• _Source material_
■ ■ ■ ■ ■ ■ ■

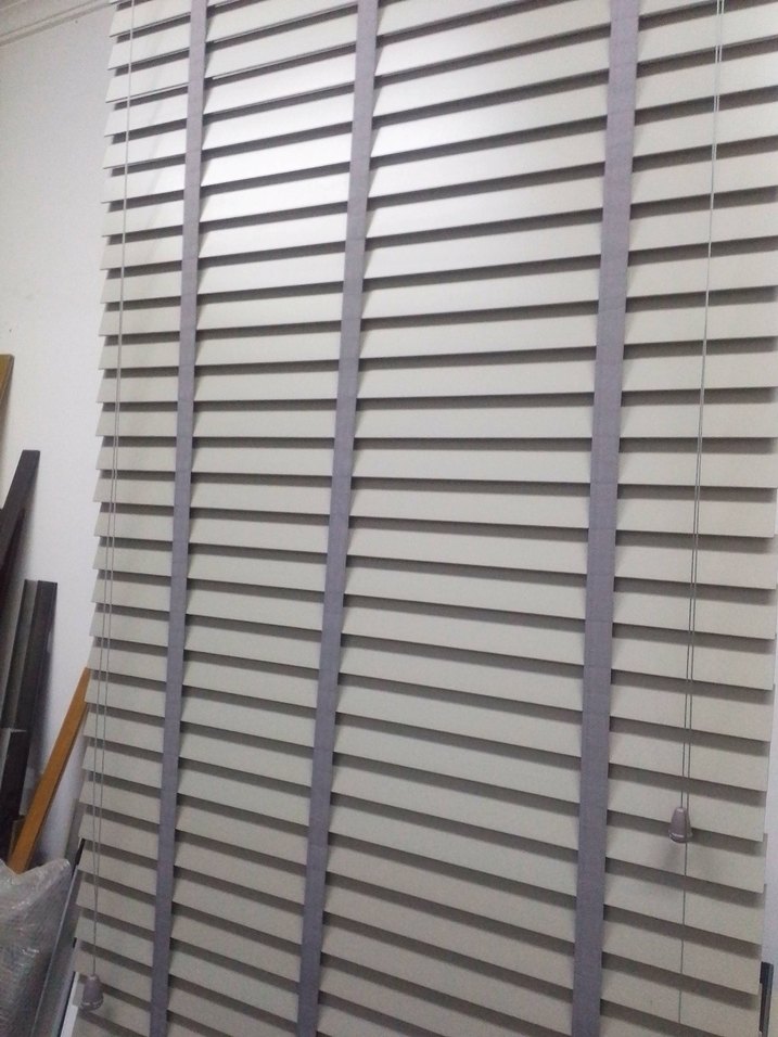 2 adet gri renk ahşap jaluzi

■ ■ ■ ■ ■ ■ ■

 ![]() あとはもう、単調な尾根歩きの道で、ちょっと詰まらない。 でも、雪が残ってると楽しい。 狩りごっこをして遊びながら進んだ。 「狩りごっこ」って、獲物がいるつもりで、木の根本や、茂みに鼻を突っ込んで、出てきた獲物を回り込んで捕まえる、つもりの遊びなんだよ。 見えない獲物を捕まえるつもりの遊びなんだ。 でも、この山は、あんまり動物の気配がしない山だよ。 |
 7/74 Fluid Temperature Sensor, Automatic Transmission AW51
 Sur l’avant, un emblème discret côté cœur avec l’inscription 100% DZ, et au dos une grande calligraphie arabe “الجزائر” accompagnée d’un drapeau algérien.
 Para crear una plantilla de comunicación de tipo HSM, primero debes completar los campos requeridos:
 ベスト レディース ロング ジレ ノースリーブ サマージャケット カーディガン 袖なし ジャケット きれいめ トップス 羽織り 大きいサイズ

■ ■ ■ ■ ■ ■ ■

• _Requirement_
Above are the records. Copy the lines beginning at the one that has "Para crear una" and ending with the one that has "ベスト レディース ロング", unchanged.

• _Answer for this exercise_
 Para crear una plantilla de comunicación de tipo HSM, primero debes completar los campos requeridos:
 ベスト レディース ロング ジレ ノースリーブ サマージャケット カーディガン 袖なし ジャケット きれいめ トップス 羽織り 大きいサイズ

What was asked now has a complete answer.